Chapter 4
Great Achievement of Jikkasegi (Literally “Weirs of Ten” in Japanese)

Great Achievement of Jikkasegi (Literally “Weirs of Ten” in Japanese)

Despite a number of development projects, a huge expanse of uncultivated wilderness was still left in around present Hotakamachi. It was in 1816 that Jikkasegi (Weirs of Ten) was constructed, which might be praised as the highlight of all horizontal channels in this region.
It is Azumino’s largest irrigation canal, cutting across the center of the large composite alluvial fan along the roughly 570-meter contour line. It takes water from Narai River like others and irrigates approximately 1,000 hectares of paddy fields.

It is approximately 15 kilometers long with a gradient of approximately 1/3000.

This gradient of water, 1 meter/3 km, is almost within the margin of error: that is, equivalent, for example, to moving the summit of Mount Yarigatake (3,180 meters high) just one meter sideways. Needless to say, it was constructed not by using modern leveling instruments or telescopes, but rather by manual digging alone, using only hoes and rope baskets.

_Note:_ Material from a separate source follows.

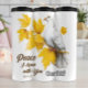 Diese ruhige Grafik zeigt eine weiße Taube, die auf einem Zweig mit großen gelben Blätter ruht. Das Design umfasst das biblische Zitat "Peace I Verlass with You" und "John 14:27", das ein ruhiges und inspirierendes Stück kreiert.

Moreover, it was constructed in an astonishingly short time, only three months from start to completion. Azumino is harsh in winter. It was absolutely necessary to begin as soon as spring arrived and to finish before the rainy season. The total number of paid laborers was 67,000.

Jikkasegi (literally “Weirs of Ten” in Japanese) is said to be named after the ten villages where water is brought to.

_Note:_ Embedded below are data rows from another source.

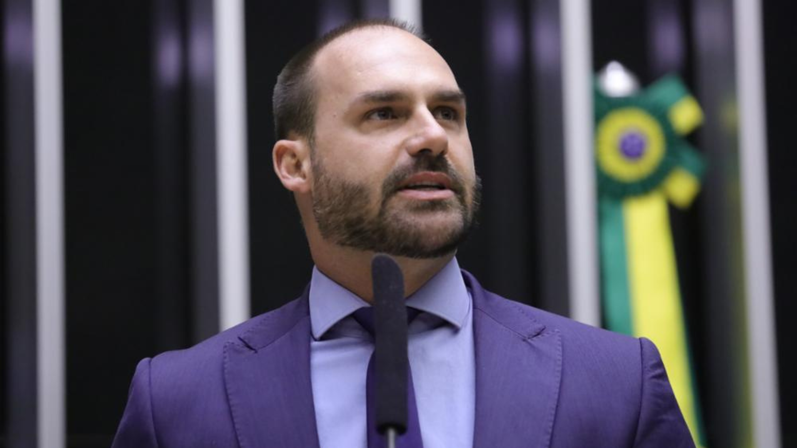 “Todo sacrifício é válido quando se quer um país forte e independente”, afirmou Bolsonaro, visivelmente emocionado O deputado federal Eduardo Bolsonaro
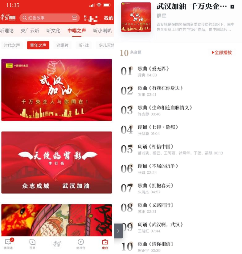 為了號召廣大央企人積極投身這場“抗疫”狙擊戰(zhàn),記錄并抒懷央企平凡英雄們的心聲,國務院國資委宣傳局組織了本次“中央企業(yè)戰(zhàn)疫歌曲征集活動”。中國華錄集團旗下中國唱片集團積極承擔文化央企使命,從各中央企業(yè)報送的231首作品中精選編輯,策劃制作了《武漢加油,千萬央企人與你同在!》央企抗疫作品精選集,并在第一時間上線中宣部學習強國平臺。
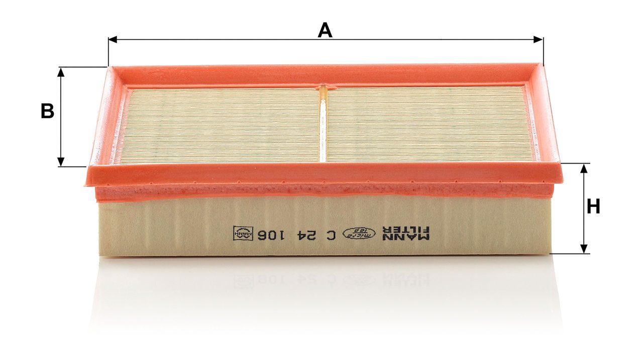 High-quality MANN-FILTER air filters for clean air intake and optimum protection for your engine, mass air flow sensor & other sensitive components / They meet requirements of modern engine technology. Highest dirt holding capacity and dirt separation efficiency, low flow resistance and high pleat stability ensure functional reliability during the entire service interval.

Many people deserve praise for this astounding achievement, however Todoroki Magoichiro, headman of Kashiwara village, is especially noteworthy. He spent 26 years scrutinizing the terrain and negotiating successfully with the Matsumoto feudal clan, even as he endured assaults by thugs of the project’s opponents.

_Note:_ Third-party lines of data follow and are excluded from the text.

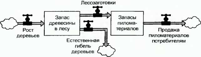 Количество древесинв 1 в лесу — это тоже запас. Входной поток — это рост дереввев. Вв 1 ходные потоки — гибелв деревьев в резулвтате естественных причин и рубок, которые производят лесозаготовители. Срубленные дереввя становятся другим запасом, например, стройматериалами на лесопилке. В свою очередв, из него исходит поток пиломатериалов, проданнв!х потребителям.
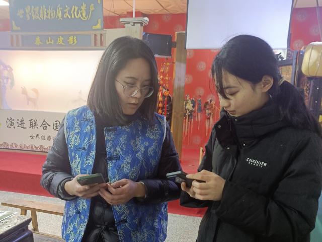 在线下活动环节,实践队成员亲临泰山皮影戏传承基地,与皮影戏传承人进行了面对面的深入交流。传承人详细阐述了泰山皮影戏的历史渊源、独特的表演特色以及精细的制作工艺。实践队成员全神贯注地聆听讲解,并积极提出自己的疑问。在传承人的悉心指导下,实践队成员还亲自体验了皮影的操控技巧,深切感受到了皮影在灯光照射下所展现出的灵动魅力。通过与传承人的亲密互动,实践队成员深刻体会到了非遗传承人的执着坚守与责任担当,从而更加坚定了传承非遗文化的信念和决心。
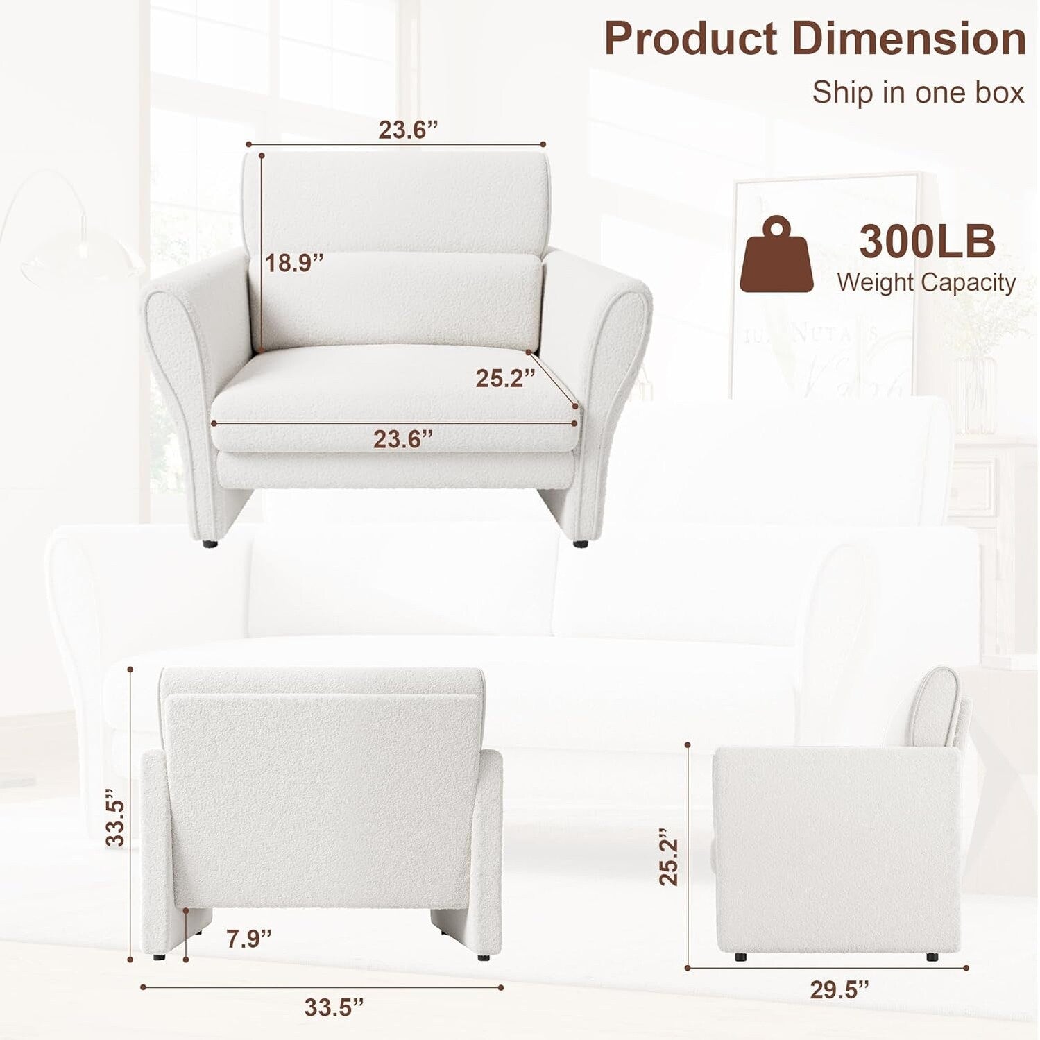 Durabilité de qualité professionnelle - Conçu pour durer avec un cadre hybride renforcé en fer et bois (capacité de 136 kg) et un noyau en mousse haute densité. La base ultra-stable et le tissu sherpa résistant à l'usure résistent à un usage quotidien tout en offrant un confort moelleux au niveau des coussins d'assise, des accoudoirs et du dossier.

26 years: the land surveys in Todoroki necessitated the time close to half of a human life: On the contrary, the construction itself took just three months.

Thanks to Jikkasegi, Azumino was transformed into one of the finest rice-producing regions in Nagano prefecture. Needless to say, this channel is still actively working now, bringing water to the paddies of Azumino.

The photograph below is an aerial shot of the area around Hongo in Hotakamachi, taken in 1948. The channel running through the center is Jikkasegi. The beneficiary regions below the channel are the neatly rearranged paddy fields. What a difference between irrigated land and the non-irrigated! This photo shows vividly just how important Jikkasegi is to the region.



By the way, how exactly did water from Narai River flow right across one kilometer of Azusa River? Remember that the modern technology of inverted siphonage (pipelines under riverbeds) was not available at the time.

The mechanism was very simple. They closed off the river with sandbag embankments, leaving free spaces only for the inner stream where water was actually flowing. The narrow water route was then blocked with a water restraining structure (ushiwaku, literally “cow frame”; see illustration on the left). Thus, if the Azusa River overflowed during heavy rain, the sandbag embankment and water restraining structures would all be washed away.